Tiens, ils ont repeint !

La Découverte

5 avril 2018.
 

L’expression murale ne s’est pas arrêtée avec Mai 68 : les récentes manifestations contre la loi travail ont pu en attester, laissant de nombreux aphorismes inspirés dans l’espace urbain. Piochant dans sa collection personnelle, Yves Pagès présente 4 000 transcriptions littérales de graffiti croisés entre juin 1968 et 2017, référencés par lieu, date et méthode d’exécution. De Paris à Berlin, en passant par la place Tahir, les murs, à défaut d’oreilles ont surtout des choses à dire.

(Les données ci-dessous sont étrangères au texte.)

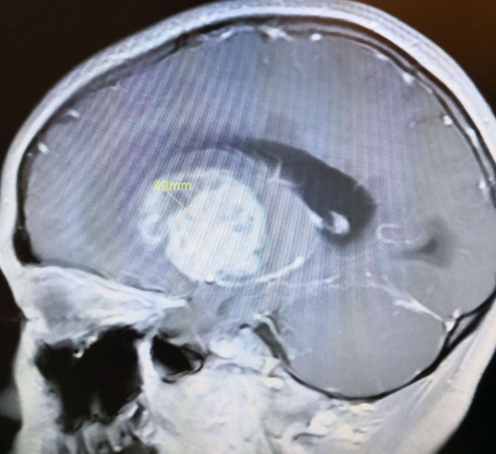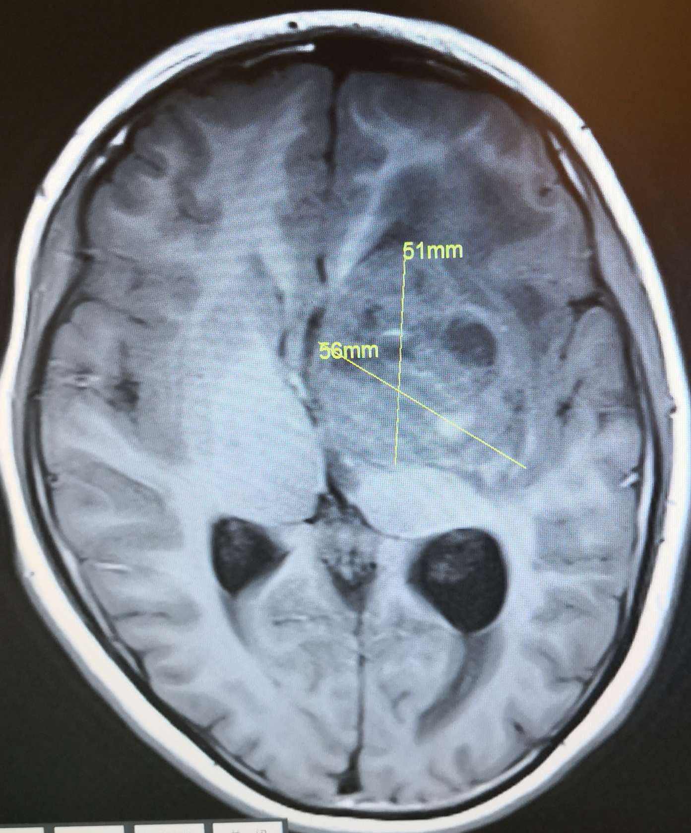 术前头颅MRI T1显示:左侧基底节巨大占位病灶(56*51mm),呈高、低、等混杂信号,脑室受压,中线移位明显。

On dit des murs qu’ils ont des oreilles, mais sait-on qu’ils murmurent ? Celles et ceux qui, depuis le milieu du XIXe siècle, s’emploient illégalement à y laisser des traces – avec force craie, charbon, feutre, pinceau ou bombe aérosol – l’ont bien compris : les murs nous interpellent. Avec leur ironie revêche, leurs espoirs tronqués, leur fantaisie abrupte, ils font écho à des paroles enfouies au plus profond de nous. Ils portent les mots qui, inscrits là sans destination ni droit de cité, sont livrés à tous les regards et " contaminent " l’espace public, troublant ainsi l’ordre du discours.
La folle et jouissive collecte textuelle d’Yves Pagès – plus de 4 000 graffitis urbains du monde entier des cinquante dernières années, fidèlement retranscrits, datés et localisés – forme une mémoire inédite. Une mémoire de la joie virale du bon mot, de l’énergie politique gratuite, de l’audace minuscule, de la poésie mineure et éphémère, des marges de la syntaxe, de l’invention maladroite, du plaisir de l’inachevé. On pourra dévorer ce livre en respectant son avancée chronologique, s’y perdre par associations flâneuses d’idées, en extraire à mesure son propre florilège ou, tout simplement, l’ouvrir n’importe où et se fier au seul hasard d’un cadavre exquis.


REvue de presse

- "S’ils disent en filigrane la continuité des révoltes et la permanence du besoin d’expression, le hasard de leur ordonnancement sur la page inscrit aussi ces propos anonymes dans une lignée artistique : celle des cadavres exquis surréalistes. […] L’ouvrage se savoure ainsi comme un hommage à I’inventivité des mots merdeux et offre un contrepoint jouissif à l’esprit de sérieux qui leste parfois le street art."